One Fantastic shopkeeper, Francisco Santoyo, had $866,000 worth of fake watches - "Rolexes" police say Santoyo sold for $750 to $1,000 each, assuring customers that his bogus timepieces looked real. Ha! Hardly, one of Ziros' men said Tuesday, standing in the secret and freezing storage shed where police are storing the seized goods. The second hand of a real Rolex, the officer demonstrated, doesn't tick-tick-tick. It glides.
And the lining of a designer bag should be sewn in, Ziros said, holding a pink, padded fake Chanel purse. Another indication that suggested the bag is fake, Ziros noted: Its handles are wrapped in plastic!
Santoyo was arrested with three other swap meet merchants, charged with selling, displaying or advertising goods with false trademark - three counts each. The 22 other counterfeit vendors were given the opportunity to voluntarily surrender their fake goods without being charged, part of an informal good-faith agreement for the first-caught.
Counterfeit once, Norton said, shame on you; counterfeit twice, shame on your bail bondsman.
The problem is that people who deal in dummy goods stand to profit stunningly.
"It's better than drugs," Norton said. Ziros chimed in, "And it's safer.
"Crack dealers get shot. Sell a fake purse, who's going to kill you?"
Looks can kill - or at least tell all. At Gucci on Tuesday night, hours after police had locked up the seized goods and gone home, a salesgirl demonstrated how she can spot a fake. Running an acrylic nail over the tooling of an almost $1,500 purse, she said, "real leather scratches." Sometimes women will walk into the real store with the fake bags - brazen! Sometimes, a Vuitton counter clerk said, "they don't even realize it's not real."

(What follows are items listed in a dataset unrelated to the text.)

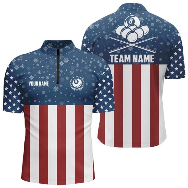 Us Flag Christmas Snowflakes Pattern Custom Patriotic Christmas Shirts, Personalized Billiard Team Jersey Shirt – Excoolent Sports jerseys are the epitome of personalized style in athletics. They are crafted to deliver both performance and flair, seamlessly blending comfort with a distinct appearance. Constructed from premium fabrics, they offer unrestricted movement and breathability during every game. With their unique designs, often showcasing bold patterns and customizable options, sports jerseys add a touch of individuality to your sporting attire. Whether you’re a casual player or a seasoned pro, a sports jersey is a statement piece that reflects your love for the sport. Stand out on the field or court and embrace both comfort and personal style with this essential athletic apparel.
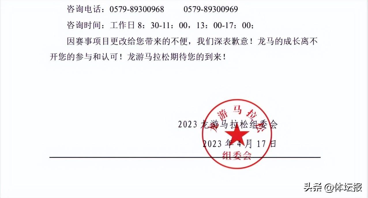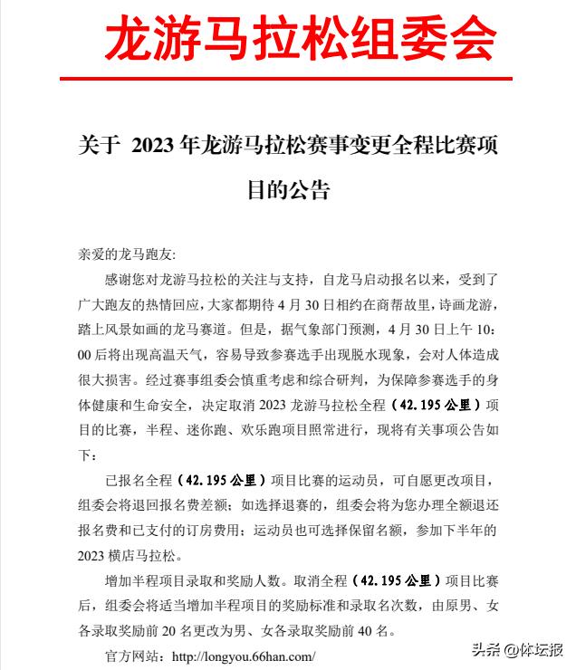 近日,龍游馬拉松組委會發出通知,由於比賽當日將出現高溫天氣,組委會經慎重考慮和綜合研判,決定取消2023龍游馬拉松全程(42.195公里)項目的比賽,半程、迷你跑、歡樂跑項目照常進行。通知一經發出,大部分跑友都表示理解,並且點讚了組委會的做法。
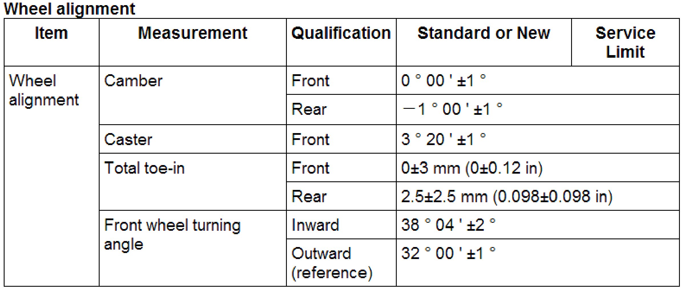 Wheel Alignment Specifications
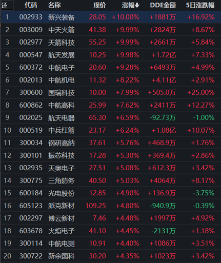 從個股來看,國防軍工行業(yè)98只交易的個股中,有90只上漲,其中,有4只個股漲停報收。
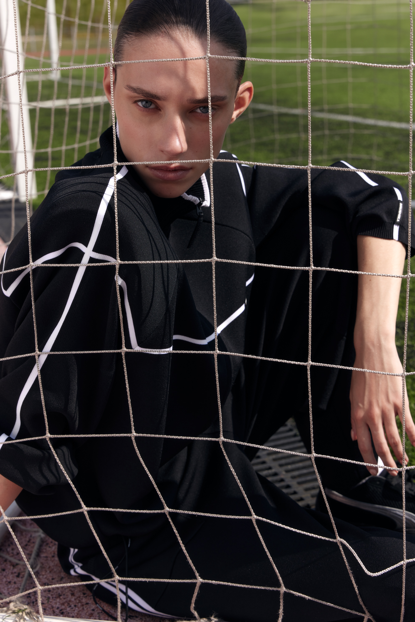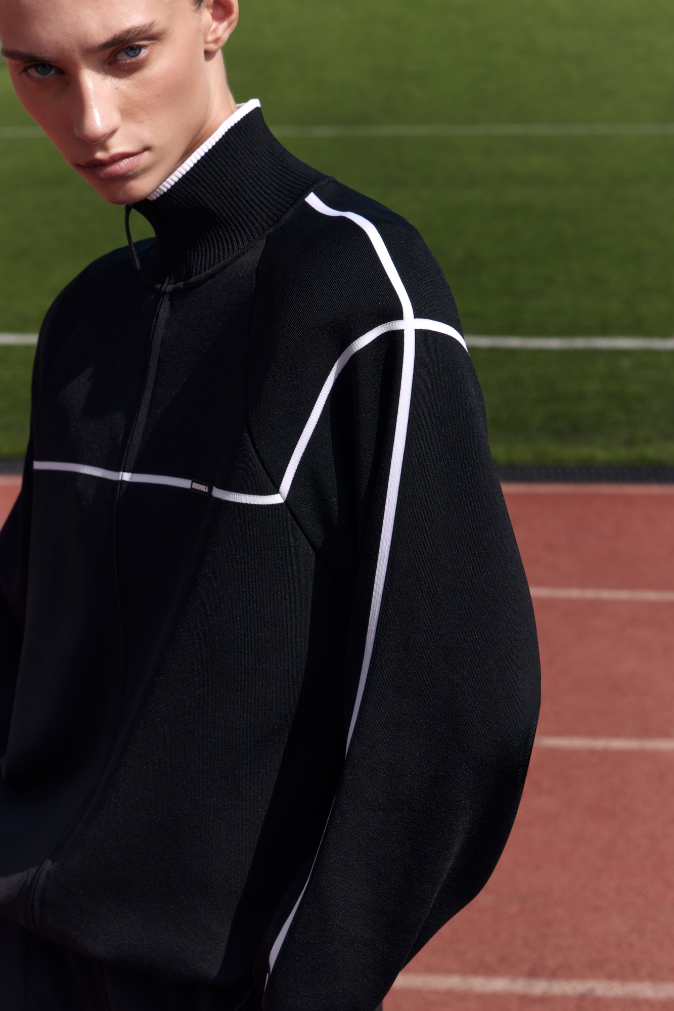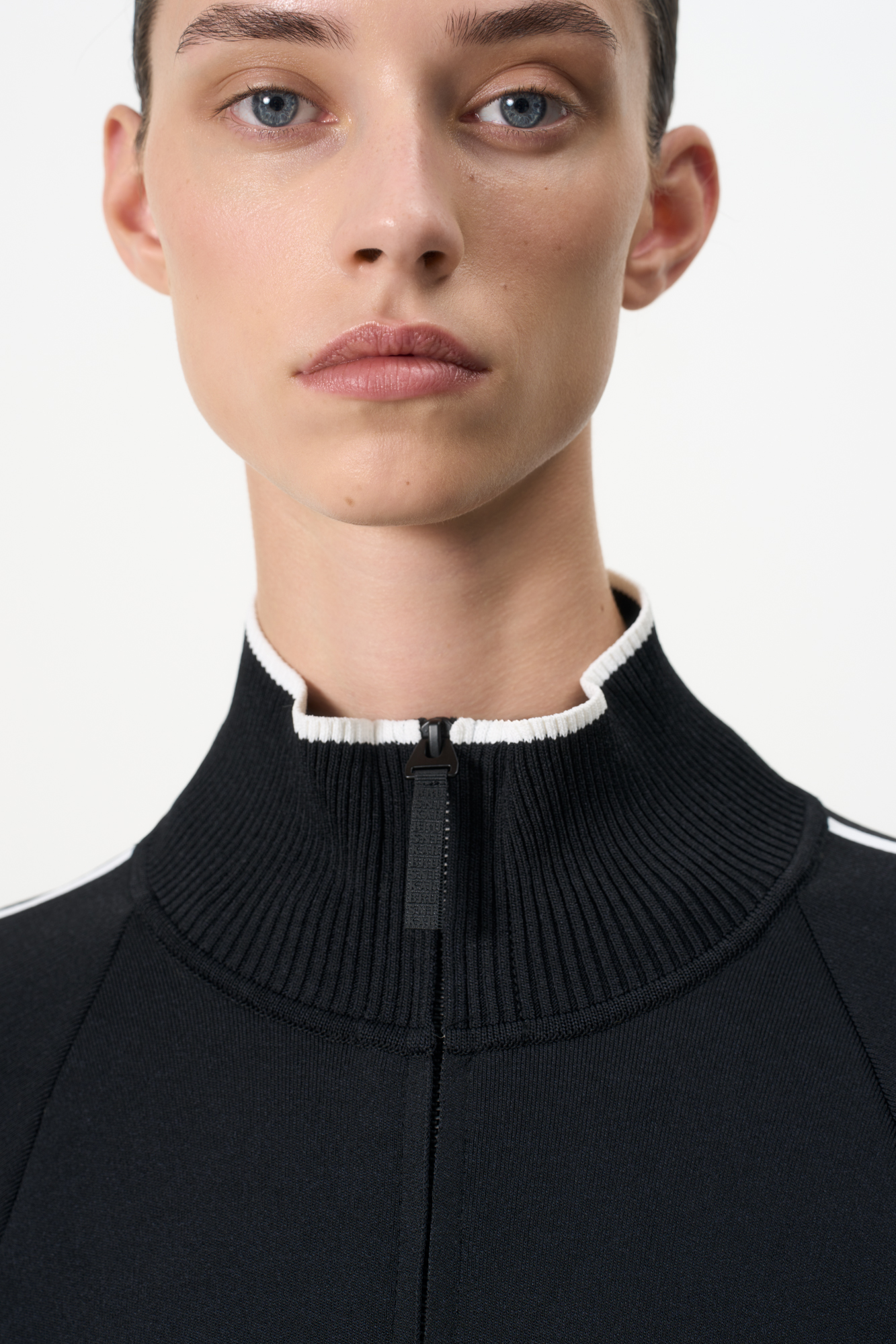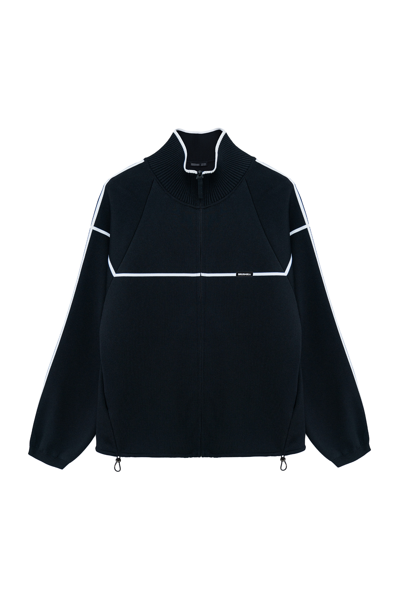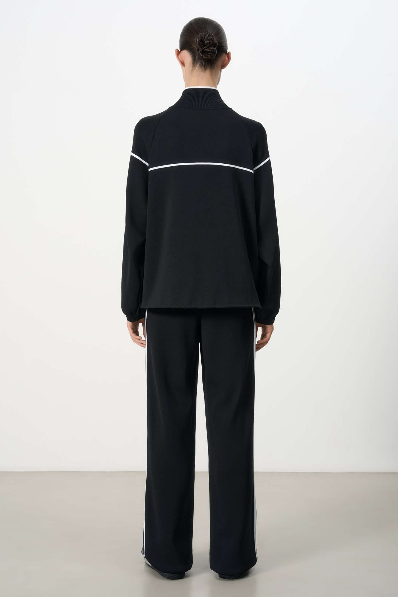 Вискозный трикотажный бомбер спортивного стиля с контрастными лампасами. Модель прямого кроя с длинными рукавами, манжетами на эластичной резинке и воротником-стойкой. По низу изделия предусмотрена регулируемая кулиска. Застежка на молнию.
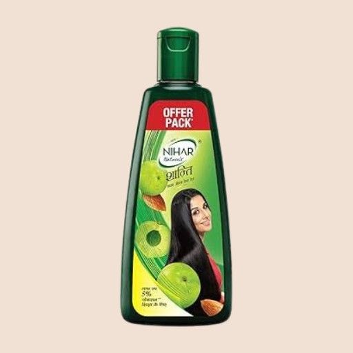 Nihar Naturals Shanti Amla Badam Hair Oil is a hair oil designed to nourish hair and promote strength and shine. The oil is a blend of Amla (Indian gooseberry) and Badam (almond) and is known for its non-sticky formulation. The product is packaged in a 300ml bottle with a green cap and a label showing a woman with healthy, black hair.
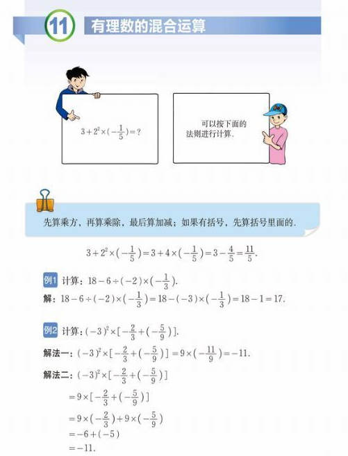 这是七年级上册中学习的《有理数的混合运算》,我们就看例1吧,这道题目首先要思考运算顺序,但题目中出现的小括号会给他们带来迷惑;接着往后计算的过程中出现了负整数乘负分数,孩子可能小学阶段整数乘分数还算不对,这里还要考虑符号的变化,就更不知从何下手了。如果题目中再合并上乘方、中括号、复杂的约分通分等,需要孩子将小学知识和初中知识综合起来运用,就更难了。
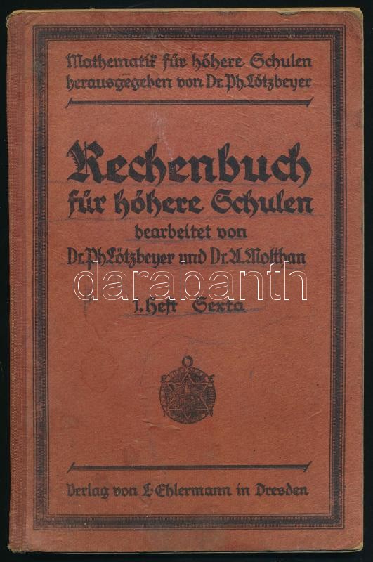 Dr. Ph. Lötzbeyer, Fr. Heinze: Rechenbuch für höhere Schulen. 1. Heft. Mathematik für höhere Schulen. Unterstufe I. Dresden, 1928, Verlag von L. Ehlermann, 106 p. Német nyelven. Kiadói félvászon-kötés, kissé gyűrött, foltos borítóval, helyenként kissé foltos lapokkal.
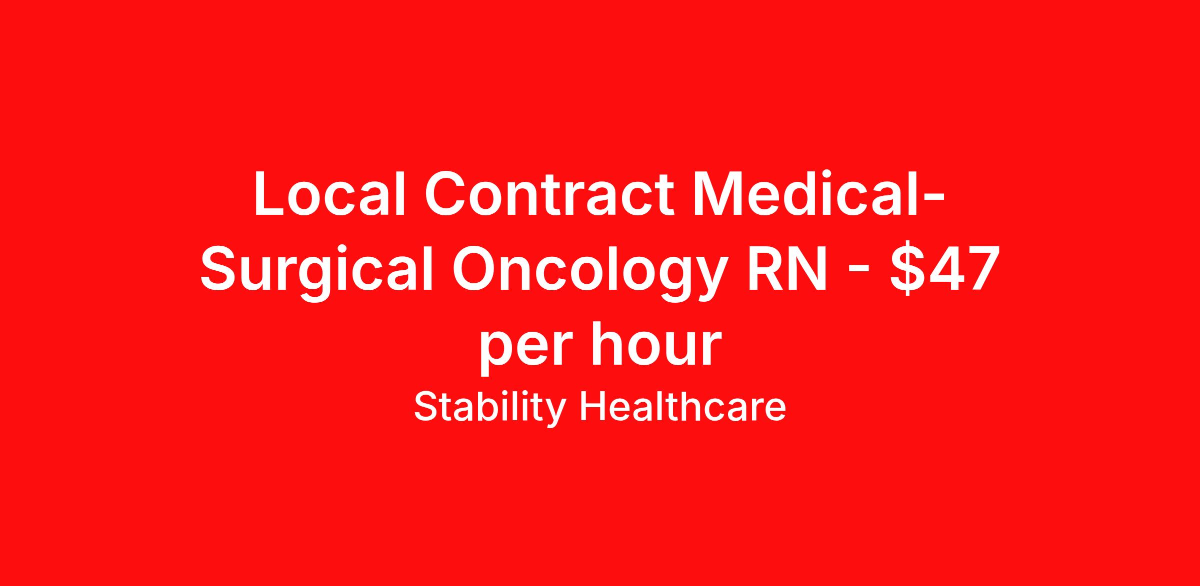 Stability Healthcare is seeking a local contract nurse RN Med Surg for a local contract nursing job in Wilmington, North Carolina. Job Description & Requirements Specialty: Med Surg Discipline: RN Duration: 13 weeks 36 hours per week Shift: 12 hours, nights Employment Type: Local Contract Stability Healthcare is looking for a Oncology RN contract position in Wilmington, NC. Oncology Nurses care for cancer patients of all ages. Oncology is one of the most challenging fields in nursing requiring high level of compassion to support and care for patients and their loved ones. Helping individuals through challenges on their cancer journey also makes Oncology one of the most rewarding professions. *$600 travel bonus *Day 1 health insurance with United Healthcare *PTO plan start accruing on day 1, use during contract or cash out at the end! *Guaranteed stipend if facility calls you off *Extra hour bonus earn an additional hourly bonus for working over your weekly contracted hours Stability Job ID L-822721. Pay package is based on 12 hour shifts and 36 hours per week (subject to confirmation) with tax-free stipend amount to be determined. Posted job title: Oncology About Stability Healthcare Stability Healthcare was founded in 2009, with the mission of becoming the best Travel Nursing Agency in California. We have been rated one of the top travel nursing agencies and offer our nurses the highest paying travel nursing jobs available. We have access to the best travel assignments from 1000’s of facilities. You can start the year off in sunny California, spend the Spring in the Colorado Rockies, enjoy the Summer in the Mid-West, experience the change of seasons in Boston and New York, and hit the beaches of Florida in the winter. Our Nurses work in the best hospitals and health systems in the country. Benefits Guaranteed Hours Benefits start day 1

The International AntiCounterfeiting Coalition estimates global counterfeit sales generate $600 billion annually, accounting for 6 percent or 7 percent of world trade. Counterfeit items could be coming to Las Vegas through a Southern California pipeline of international knockoffs from China, Hong Kong and Mexico, Norton said. Exactly how the merchandise ends up at a place such as Fantastic, and in stores throughout Las Vegas, is harder to know.
"These people don't give up a whole lot of info," Norton said. "And do you think they're saving receipts?"
Fantastic is open only on Fridays, Saturdays and Sundays; there's a $1 entrance fee - no shirt, no shoes, no service.
Teresa Bassett, who has owned an embroidery store at the Decatur Boulevard swap meet for five years, predicted Wednesday, while catching up on work, that business would bustle on as usual. "I don't think it's going to be a huge difference," she said. "We're a pretty busy little venue."
Gucci is a pretty busy little venue, too. It sells about six $1,455 Pelham purses every day, according to a shopgirl, who, pausing, explained, "Honey, I just work here."